Study of exotic nuclei at ISOLDE

This project covers the membership fee in the ISOLDE collaboration at CERN. The ISOLDE facility at CERN has a long history of producing radioactive ions and is the facility with the widest variety of exotic beams world wide. One focus of this project is the shell structure of nuclei far from stability and, closely related to that, the development of nuclear shapes and shape coexistence. An Oslo-led experiment to measure shapes and collectivity in 140Sm with HIE-ISOLDE was performed in August 2017. The experiment provides insight into how nuclear deformation develops when neutrons are removed from stable samarium isotopes. Another goal of this project is to extend the Oslo-method to study resonances in exotic nuclei. This has become possible after the upgrade to HIE-ISOLDE. A first experiment of this type, led by the University of Oslo was performed in November 2016. It is important to investigate the properties of resonances in neutron rich nuclei as they can greatly influence the neutron capture cross sections and thereby the outcome of large network calculations of how elements are formed in stars. This can help us understand how elements heavier that iron are produced.

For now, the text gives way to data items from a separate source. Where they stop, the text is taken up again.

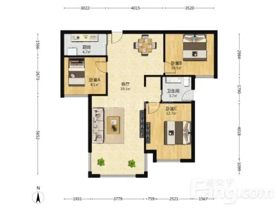 户型是3室2厅1卫,南朝向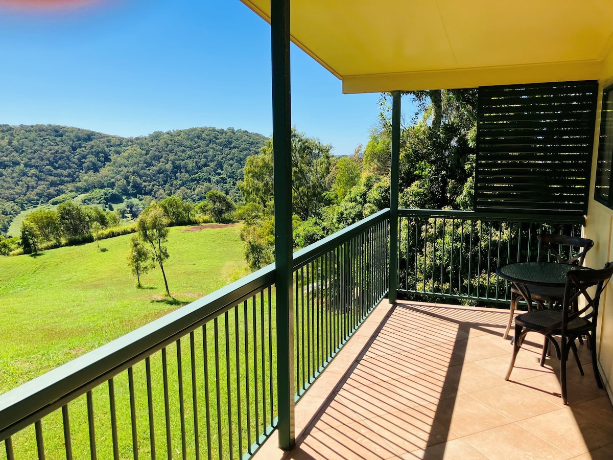 Beautiful stand alone unit, can sleep up to four adult guests, 1 x queen 2 x single, ability to sleep more (travel cot and high chair available) claw foot bath, kitchen, lounge, wifi and tv. Outdoor area, acess to fire pit, bbq and pizza oven. Kids play area. Ample parking. Set in 170 acres of bushland, chickens, ducks, guinea fowl and stacks of native animals and plants. On the highway halfway between Gladstone and Rockhampton, ideal stop for a restful night or days exploring.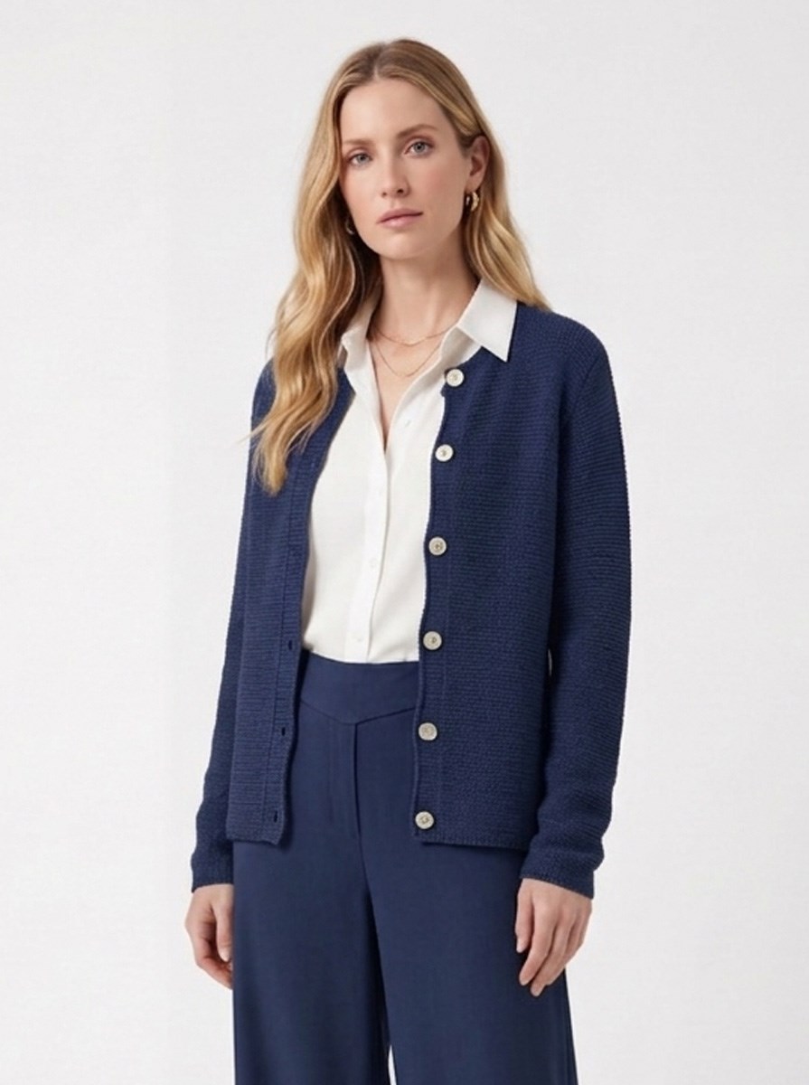 Cardigan punto riso con borroni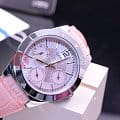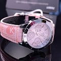 Аккуратный, серебристый корпус наручных часов сделан из нержавеющей, прочной стали. Светло-розовый, женственный ремень из натуральной кожи представляет собой удобную и долговечную деталь. Кроме временного отсчета, на циферблате также отображаются текущая дата и день недели. Выпуклое, минеральное стекло надежно защищает часы от негативных воздействий окружающей среды. Точность хода обеспечивается кварцевым механизмом. Срок эксплуатации батарейки составляет 3 года. Водонепроницаемость равна 50 WR.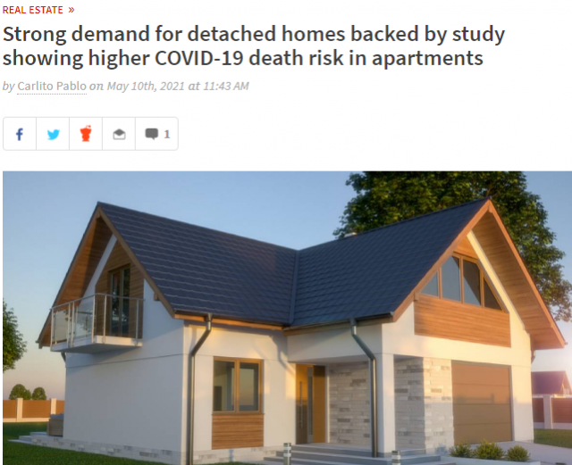 加拿大统计局近期公布一项调查,显示新冠病毒第一波流行期间,居住在公寓内的加拿大人的新冠死亡率,比独立屋内居民的死亡率高出2倍。这一调查结果也许解释了为什么在大流行期间,独立屋会有如此强劲的需求。

ISOLDE membership has provided access for Norwegian researchers to the world's premier radioactive beam facility, and unique opportunities for them to lead international research projects at the forefront of science. The ISOLDE program increases the international profile and visibility of nuclear physics at UiO. UiO is recognized as one of the leading institutions within the collaboration, and one of the key drivers of its science program. ISOLDE membership has provided unique opportunities for Master and PhD students to participate in large international research projects, has resulted in both PhD and Master theses at UiO, and provided training to students that boosted their career opportunities. It also made it possible for Master students from UiO to spend extended periods at CERN to conduct research supervised by CERN scientists. Norway has high demand for graduates with experience in nuclear science and multidisciplinary subjects, linking nuclear with material and medical science.

Nuclear structure studies have been limited to stable or near stable isotopes in the past. The availability of radioactive ion beams (RIB) enlarges the scope of such studies considerably as exotic nuclei far from stabilty become accessible for the first time. The ISOLDE facility at CERN has a long history of producing radioactive ions. The acceleration of these ions with the REX accelerator offers unique possibilities and makes ISOLDE the facility with the widest variety of RIB world wide. The world-leading role of ISOLDE is about to be strengthened with an energy and intensity upgrade (HIE-ISOLDE). The scientific subject of the proposed project is the shell structure of nuclei far from stability and, closely related to that, the development of nuclear shapes and shape coexistence. A recent Oslo-led experiment to study shapes in neutron-deficient rare earth isotopes, tok data on 140Sm in 2012. The follow-up experiment to measure shapes and collectivity in 140Sm with HIE-ISOLDE is expected to be scheduled in 2016. Another goal of this project is to extend the Oslo method to study level densities and radiative strength functions of exotic nuclei. This has become possible after the upgrade to HIE-ISOLDE. It is very important to investigate if the low energy enhancement seen in several stable nuclei, also is present in neutron rich nuclei. If present in neutron rich nuclei it will greatly influence the neutron capture cross sections and so the outcome of large network calculations of nucleosynthesis of elements heavier that Fe.